Sarilumab: Erste Ergebnisse einer Phase-II/III-Studie 

Zunächst zum IL-6-Rezeptor-Inhibitor Sarilumab, zu dem die Hersteller Sanofi und Regeneron am 27. April eine erste Pressemitteilung zu ihrer US-amerikanischen Phase-II/III-Studie mit adaptivem Design zu dessen Einsatz bei hospitalisierten COVID-19-Patienten herausgegeben haben.
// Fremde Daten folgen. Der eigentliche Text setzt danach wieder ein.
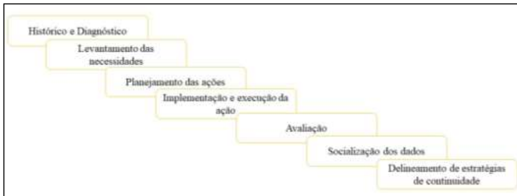
Figura 1. Processo teórico-prático da ação de enfermagem, “Nem todo outubro é rosa!”, Coelho Neto-Ma, Brasil.

Fonte: Autores. Adaptado de Backes et al. (2012).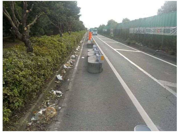
2. ポイ捨てごみの現状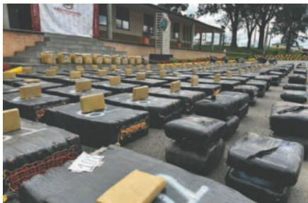
Las autoridades colombianas han logrado incautar siete toneladas de marihuana en el departamento del Cauca, marcando la mayor confiscación desde 2017

Las autoridades han intensificado sus esfuerzos para combatir el narcotráfico en Colombia debido al aumento significativo en los cultivos y la producción relacionados con la cocaína.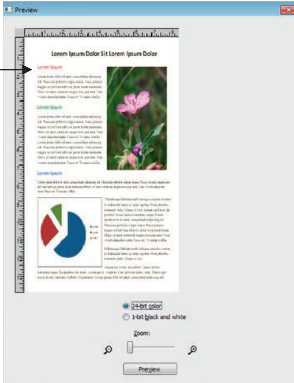
الرسم التوضيحي 3 معاينة تأثير الإعدادات الحالية

نافذة معاينة حرة اختيارية، تتضمن إمكانية التكبير والتصغير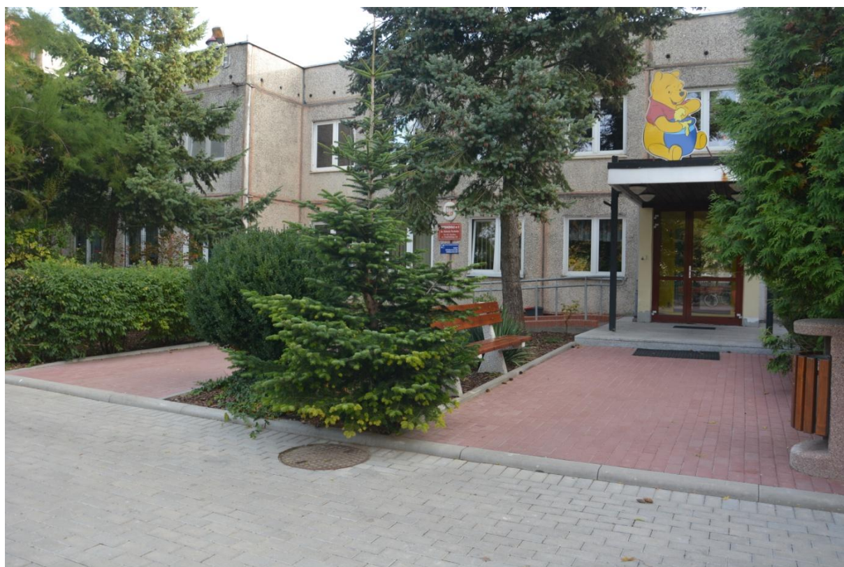
Przedszkole Nr 3 im. Kubusia Puchatka w Gryfinie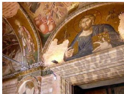
Eglise Saint- Sauveur-in-Chora

ESCAPADE : 5 JOURS à ISTANBUL 20 au 24 mai 2012 5 jours dans une ville trépidante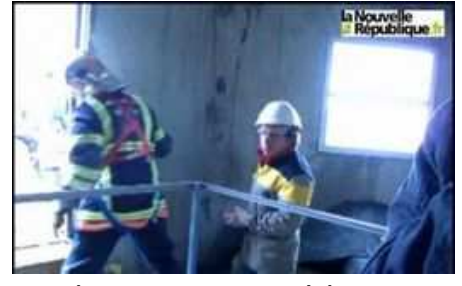
Tempête Joachim : quelques dégâts en...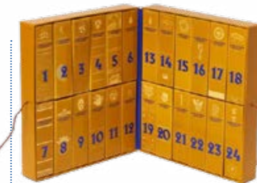
Hartkartonagenbox mit Faltschachteln. Verschließbar mit Band/Schleife/Schnur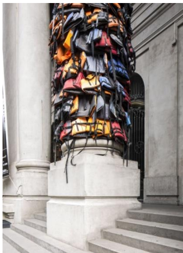
Weiwei en Archivo Nacional

Nach Empfehlung eines „Independent Data Monitoring Committee“ (IDMC) soll die bisherige Phase-II-Studie (457 Teilnehmer mit SARS-CoV-2-Nachweis und Pneumonie; ein CRS war nicht gefordert, 28 % schwer, 49 % kritisch erkrankt, 23 % Multiorganversagen) mit zwei Anpassungen nunmehr in Phase-III fortgeführt werden. 
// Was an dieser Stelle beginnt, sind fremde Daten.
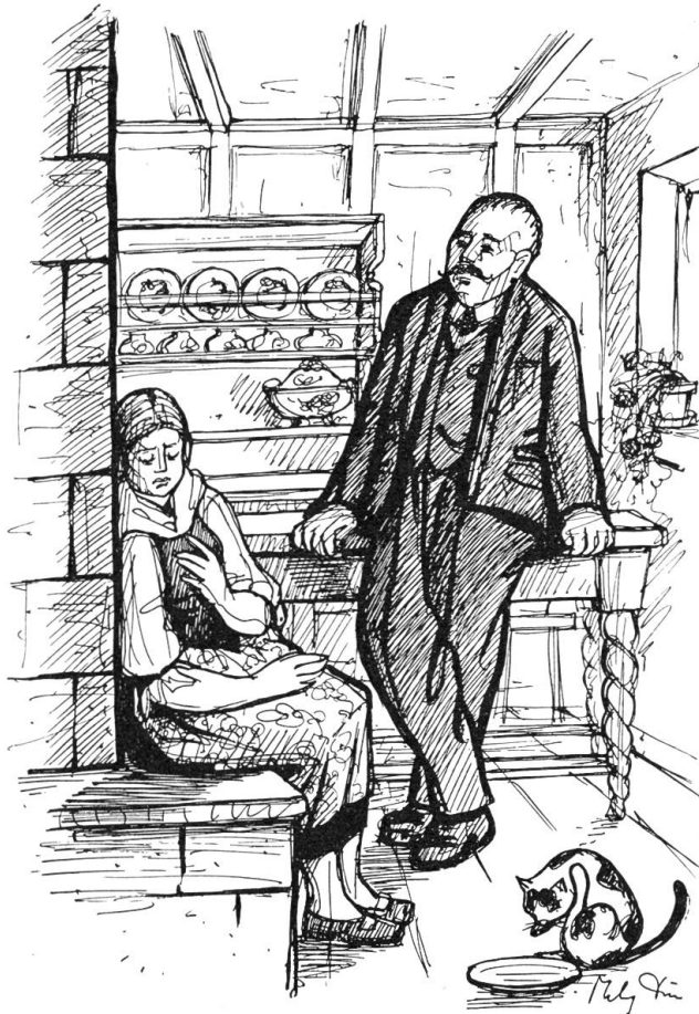
Das war ein wichtiger Schlag für das arme Mädchen

mit mir nie davon gesprochen. Du hast ihn nur ein einziges Mal da gehabt. Aber Dein Vater ist nicht blind.“ Dorli neigte sein Köpfchen und betrachtete mit starren Augen seine Hände, die müde auf der Schürze lagen. Der Vater begann hin und her zu gehen und fuhr fort: „Ich weiß nicht, wie weit diese Freundschaft mit Klaus schon ist. Darum will ich mit Dir reden, bevor es zu spät ist. Der Klaus muß ab dem Heimen.“ Dorli sagte: „Ich weiß es.“ Der Vater sprach wieder: „Klaus hat die Spreiti gekauft, davon kann er allein nicht leben. Er muß also tagelöhnern oder aushilfsweise Knecht sein. Das ist keine Zukunft. Meine Kinder sind sich an gute und finanziell gesicherte Verhältnisse gewohnt. Du könntest Dich nie in solche arme, ungewisse Verhältnisse eingewöhnen. Es ist also meine Pflicht, Dich vor dem Elend und Unglück zu bewahren. Ich verbiete Dir, mit dem Klaus zusammen zu kommen. Ich verbiete Dir, ihm zu schreiben. So entschieden, so bleibts! Ich sage Dir das jetzt. Hör auf mit diesem Klaus, besser jetzt, als wenn es zu spät ist.“ — Dorli schaute auf und sagte laut: „Vater, es ist schon zu spät!“ Erschrocken blieb der Vater stehen und schaute mit großen Augen auf sein Meitschi. „Was sagst Du?“ Dorli gab mit einem offenen strahlenden Gesicht den festen Blick zurück und sagte mit voller, heller Stimme: „Ich habe dem Klaus geschworen, daß ich ihm immer treu bleiben will.“ Der Vater schaute zu Boden. „Aha,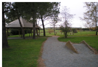
Parcours de santé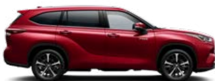
3T3 Vörös prémium metálfényezés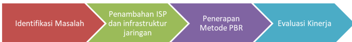
Gambar 3. Metode Pelaksanaan Pengabdian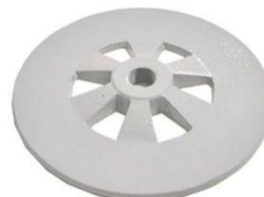
22-092 Soporte de rotor disco De 165mm (rosca fina)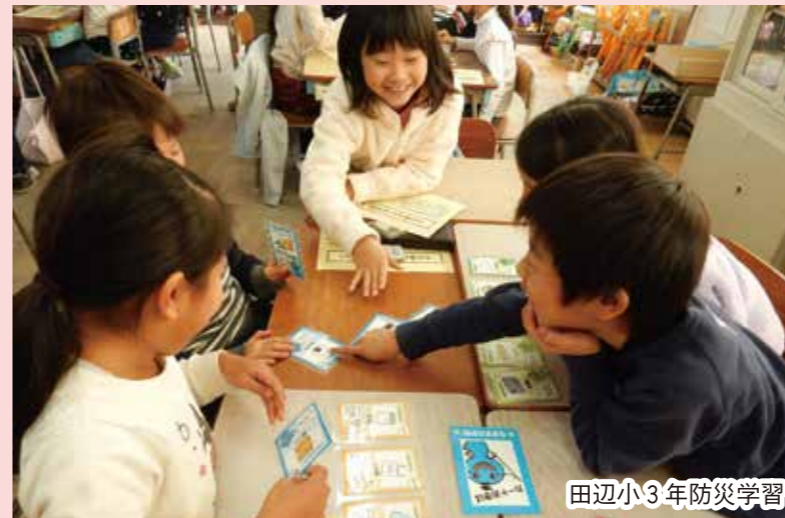
田辺小3年防災学習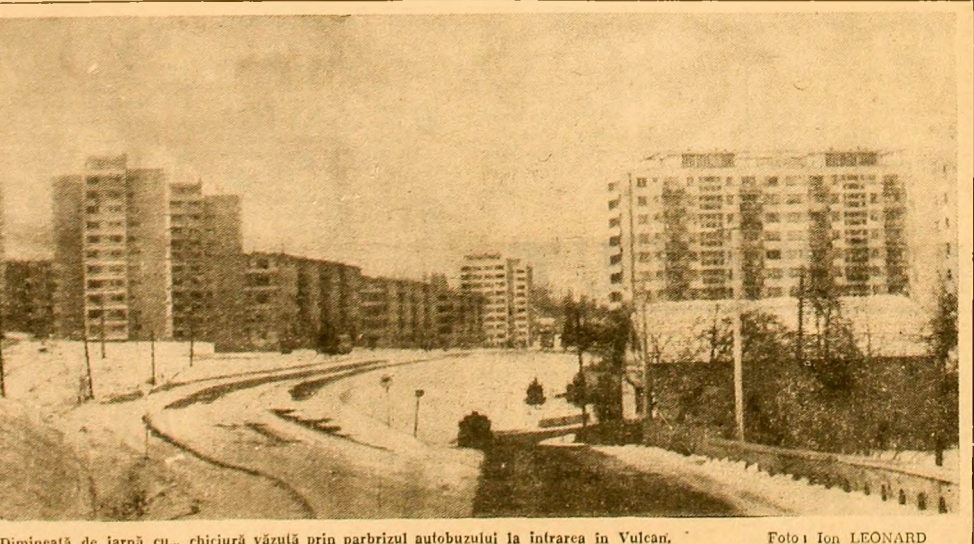
Dimineața de iarnă cu... chiciură vîntul prin parbrizul autobuzului la intrarea în Vulcan.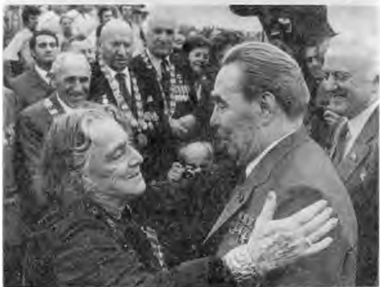
Открытие Игр XXII Олимпиады в Москве. 1980 г. «Дорогой гость». Прибытие в Тбилиси. 1981 г.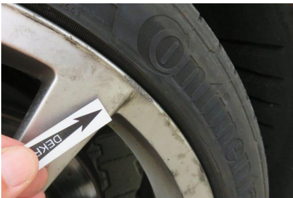
Fot. 48. tarcza koła PR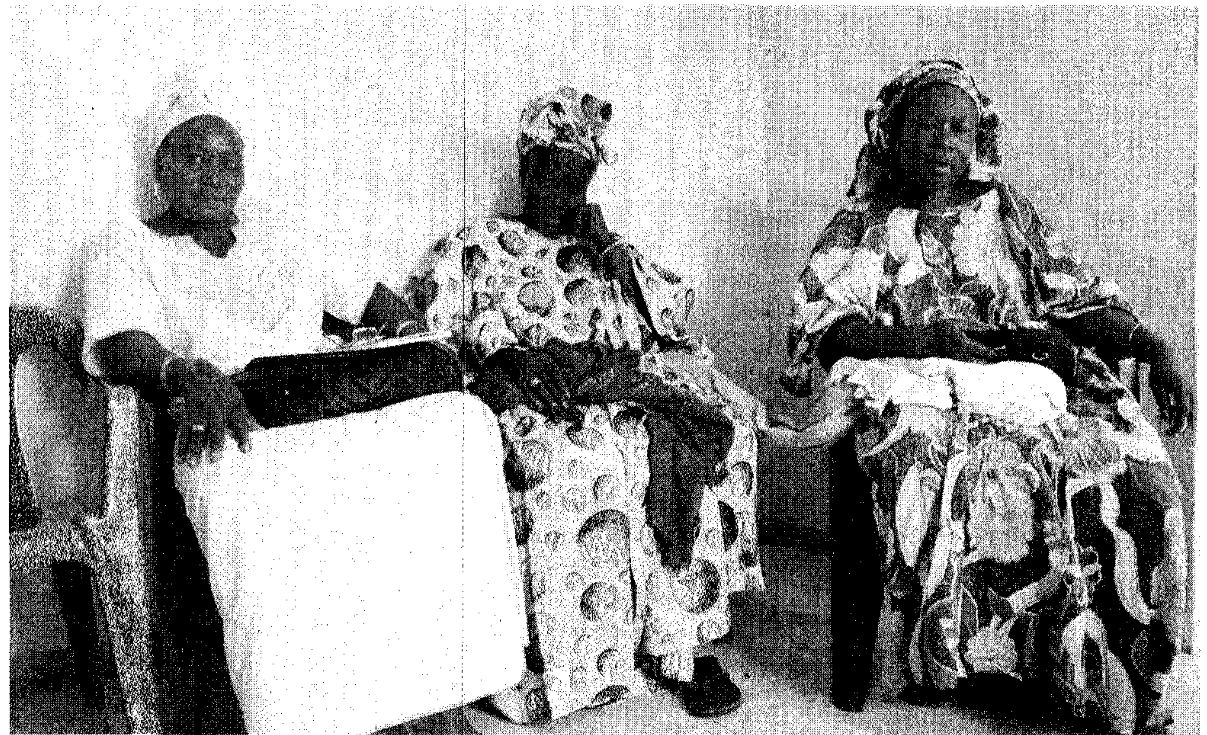
Donne in carriera. La presidente e due socie della cassa rurale di Khombole, nel nord del Senegal

Bislang zeigten die Daten, dass bei „schweren“ oder „kritisch erkrankten“ COVID-19-Patienten (definiert als ohne oder mit invasiver Beatmung bzw. O2-Hochdurchfluss-Therapie bzw. Intensivpflicht), die mit hoch oder niedrig dosiertem Sarilumab (eine i.v.-Infusion von 200 oder 400 mg) behandelt wurden, nur die fortgeschrittene, kritisch erkrankte Gruppe unter der hohen Sarilumab 400 mg- gegenüber Placebo und der 200 mg-Dosis von einer Verbesserung (klinisch, Tod, Beatmung, Entlassung) profitierte.
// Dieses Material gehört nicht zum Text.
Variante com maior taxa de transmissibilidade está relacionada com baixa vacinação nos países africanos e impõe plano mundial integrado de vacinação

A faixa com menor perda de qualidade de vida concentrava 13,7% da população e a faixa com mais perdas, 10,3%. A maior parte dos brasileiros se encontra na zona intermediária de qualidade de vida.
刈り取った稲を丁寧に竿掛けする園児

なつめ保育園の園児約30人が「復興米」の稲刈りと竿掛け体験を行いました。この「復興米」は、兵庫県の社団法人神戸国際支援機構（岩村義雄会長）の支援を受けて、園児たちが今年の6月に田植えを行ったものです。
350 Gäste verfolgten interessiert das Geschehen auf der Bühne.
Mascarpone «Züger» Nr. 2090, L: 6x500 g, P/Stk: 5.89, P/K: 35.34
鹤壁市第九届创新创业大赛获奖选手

In der Gesamtgruppe von 358 Patienten kam es im primären Endpunkt zu einer Reduktion des CRP-Spiegels unter Placebo (n=77), Sarilumab 200 (n=136) und 400 mg (n=145) um 21, 77 und 79 % ab Baseline. In der vorläufigen Analyse zeigte sich bei kombinierter Auswertung schwer und kritisch erkrankter Patienten kein Vorteil für Sarilumab gegenüber Placebo, unabhängig von der Therapie konnten in Phase-II 80 % der Teilnehmer entlassen werden, je 10 % starben oder verblieben noch im Krankenhaus. Aufgrund des positiven Trends in der Gruppe der kritisch Erkrankten wird nur diese in Phase-III weiter verfolgt und dort ausschließlich mit Sarilumab 400 mg behandelt (vs. 
Placebo). 

In der Subgruppe der 226 kritisch erkrankten Patienten in der Phase-II-Studie hatten sich folgende Ergebnisse unter Placebo (n=44), Sarilumab 200 (n=94) oder 400 mg (n=88) gezeigt: Tod oder invasive Beatmung 55 vs. 46 vs. 32 %, Tod 27 vs. 36 vs. 23 %, invasive Beatmung 27 vs. 10 vs. 9 %, klinische Verbesserung 41 vs. 51 vs. 59 %, ohne O2-Zufuhr 41 vs. 43 vs. 58 %, Entlassung 41 vs. 39 vs. 53 %. Ob sich für die hohe Dosis auch ohne CRS als Einschlusskriterium tatsächlich ein signifikanter Wirksamkeitsvorteil im Phase-III-Teil der Studie mit 600 Patienten einstellen wird, bleibt abzuwarten. Zusätzlich soll Sarilumab auch in einer zweiten Phase-III-Studie außerhalb der USA (Italien, Spanien, Deutschland, Frankreich, Kanada, Russland, Israel, Japan) bei weiteren 400 COVID-19-Patienten geprüft werden.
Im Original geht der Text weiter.